#### [WHAT IS BEING ASKED]
Lines from the one with "V-Ausschnitt und Knöpfen" up to and including the one with "С добрым утром!" are to be copied exactly from the records below, without their pictures.

#### [DATASET EXTRACT]
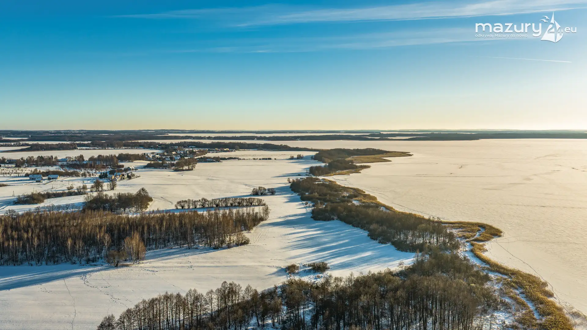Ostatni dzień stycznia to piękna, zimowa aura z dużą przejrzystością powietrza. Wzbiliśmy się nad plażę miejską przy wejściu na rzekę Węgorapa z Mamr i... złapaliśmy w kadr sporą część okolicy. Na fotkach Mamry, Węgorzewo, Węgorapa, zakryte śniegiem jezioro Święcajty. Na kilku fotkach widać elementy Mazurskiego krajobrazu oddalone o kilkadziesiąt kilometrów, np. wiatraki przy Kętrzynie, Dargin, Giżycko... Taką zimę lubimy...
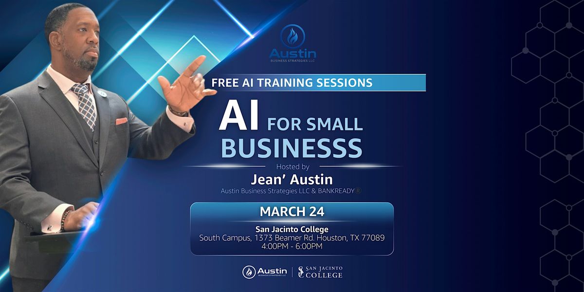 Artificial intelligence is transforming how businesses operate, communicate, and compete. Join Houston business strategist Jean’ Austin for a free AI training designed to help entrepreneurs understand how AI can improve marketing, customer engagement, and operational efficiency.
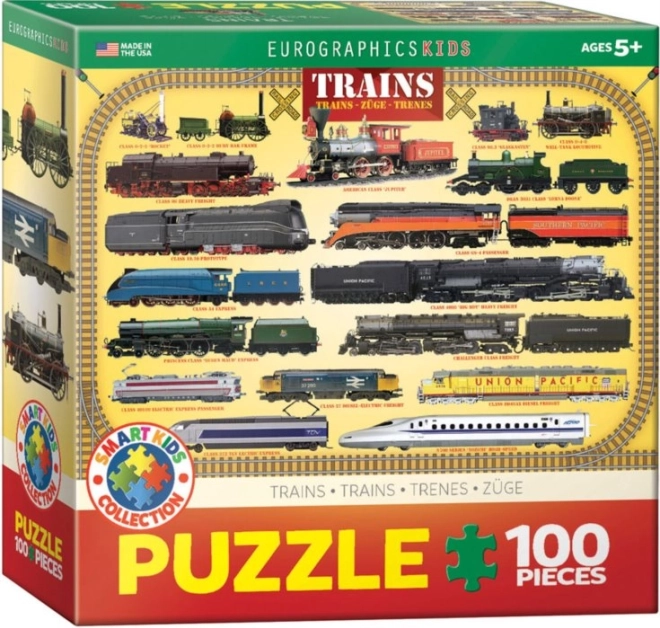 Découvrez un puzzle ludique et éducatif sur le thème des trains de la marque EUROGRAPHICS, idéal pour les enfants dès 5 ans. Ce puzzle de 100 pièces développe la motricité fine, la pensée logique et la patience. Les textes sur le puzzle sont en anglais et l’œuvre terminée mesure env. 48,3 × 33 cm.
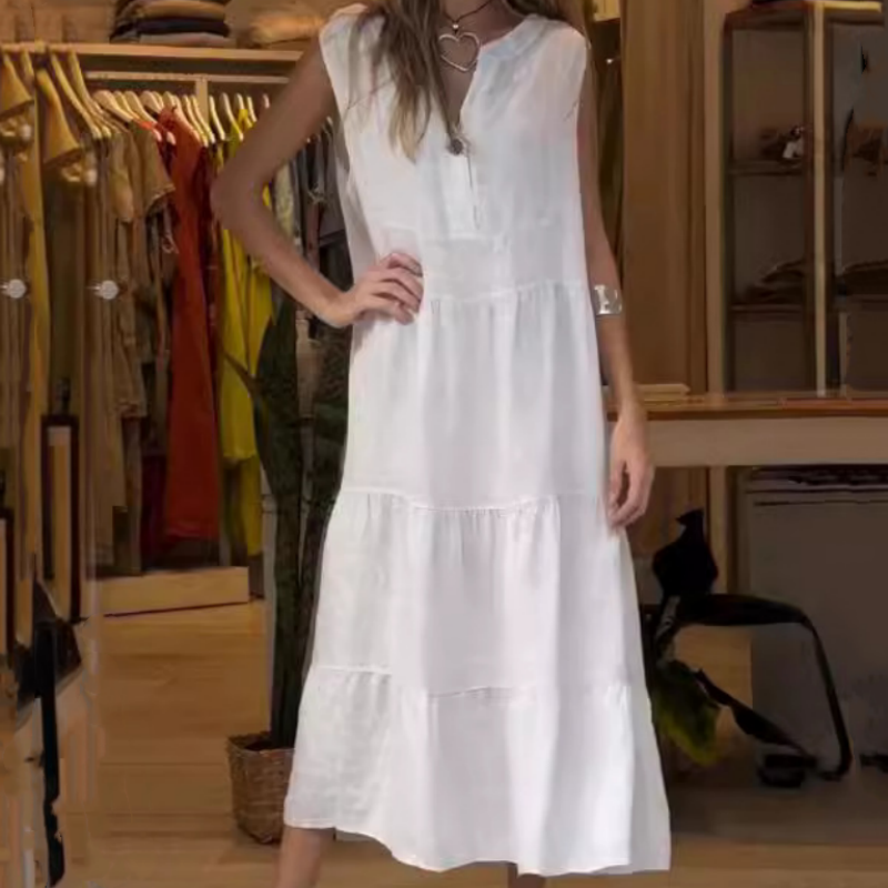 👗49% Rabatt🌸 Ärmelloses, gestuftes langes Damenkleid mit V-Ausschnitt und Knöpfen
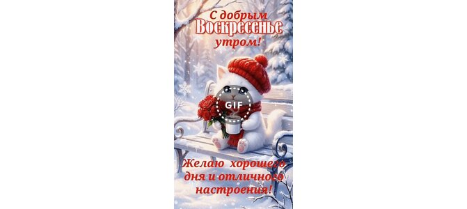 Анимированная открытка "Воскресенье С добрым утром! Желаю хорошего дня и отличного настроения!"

---

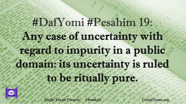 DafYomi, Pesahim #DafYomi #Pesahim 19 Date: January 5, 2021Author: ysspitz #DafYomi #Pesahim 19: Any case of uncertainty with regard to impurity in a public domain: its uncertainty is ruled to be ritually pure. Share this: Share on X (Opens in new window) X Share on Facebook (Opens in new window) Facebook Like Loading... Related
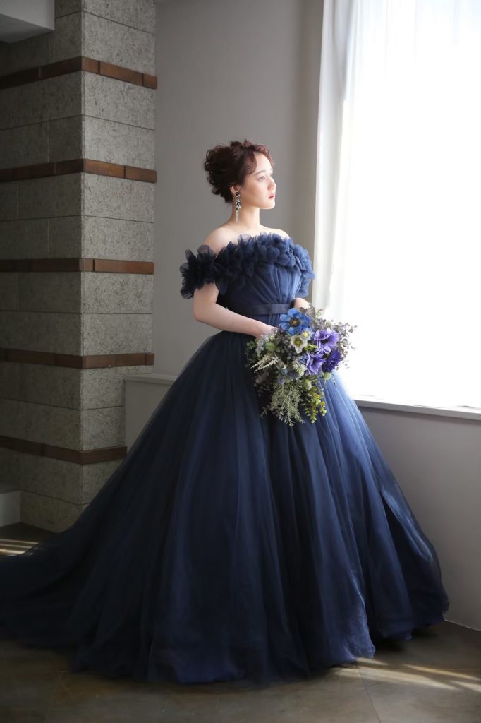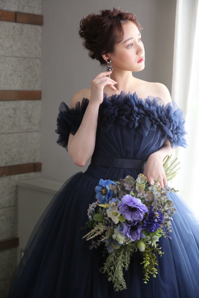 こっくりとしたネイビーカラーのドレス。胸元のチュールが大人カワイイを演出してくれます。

#### [ANSWER TO THE EXERCISE]
 👗49% Rabatt🌸 Ärmelloses, gestuftes langes Damenkleid mit V-Ausschnitt und Knöpfen
 Анимированная открытка "Воскресенье С добрым утром! Желаю хорошего дня и отличного настроения!"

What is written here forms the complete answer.